Four years ago, a BBC correspondent speaking on live television about relations with North Korea made headlines for another reason: While on a virtual call, his young daughter walked into his office and approached his desk, followed by a baby in a walking chair, and then a panicked mum bursting into shot to remove the children. We laughed and cringed in equal measure.
Fast-forward four years and our world has changed. Online conferencing tools are the norm, and most of us have come to terms with the fact that even although we have systems and procedures in place to prevent unprofessional interruptions, there is little we can do about the odd hadeda screech at inopportune moments.
A year on from our hard lockdown, it is evident that Covid-19 sped up all aspects of digital transformation, and distributed working is a reality that is here to stay in one way or another. Distributed working, however, does not need to mean distributed attention, and companies that are able to instil an engaged culture supported by the right tools will improve their productivity and team efficiencies noticeably.
Not all industries are poised to benefit from distributed working. For example, while professional services firms make the shift fairly easily, agriculture happens on a farm. That said, the success of a remote and distributed workforce lies in the level of employee engagement.
Harvard Business School conducted a useful analysis of three million workers across 16 cities in Israel, the EU and the US, which — though not specific to South Africa — provided a bird’s eye view of how the workday has changed. The average workday is nine hours long, the number of meetings has increased, though their duration has decreased, phone calls are up 230%, the number of e-mails has grown 57% and CRM activity is up 176%.
While these numbers should ordinarily scream “productivity”, the problem of disengaged employees looms ever large. The Gallup 2017 State of the Global Workplace Report found that 85% of the workforce were not engaged. While 15% were actively engaged and loyal and generally go on to become leaders, 67% were not engaged and merely coast along under the radar. A staggering 18% were actively disengaged and driving negative sentiment about the company.
If one takes these figures and superimposes them onto a distributed workforce in 2021, it becomes blatantly clear that for companies to benefit from a work-from-home environment, business leaders need to actively drive engagement. The risk of losing more employees to apathy or disengagement is higher than ever before.

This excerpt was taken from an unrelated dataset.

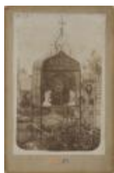
Kerkhofmonument (Foto 05677_01)

Building an engaged workforce starts with an engaged leadership who make engagement an expected way of life through their actions and behaviours. They become the beacons who set the tone for the rest of the organisation.
The next step lies in developing a compelling employee value proposition and growing talent. At its core, this requires spelling out what is expected of each employee and what they can expect in return, including how exemplary performance will be rewarded. Talent development should be integral to an organisation, thereby guiding staff that have a career plan that they can see, keeping them engaged.
Once the leaders are engaged and all employees understand the value proposition of their jobs, to thrive in a distributed work environment, businesses must ensure they have the right resources and processes in place. Going back to the research on engaged and disengaged staff, 36% of employees who said they did not feel enabled to complete their tasks fell into the actively disengaged segment.
To complicate matters, within the segment of employees who did not feel enabled, about a third were engaged. This is a dangerous statistic because the combination of disempowered while remaining engaged can lead to burnout and frustration. When this boils over, they will become disengaged.
Companies should conduct surveys to measure engagement levels at all levels of their organisations at regular intervals and implement interventions timeously, including steps to enable employees.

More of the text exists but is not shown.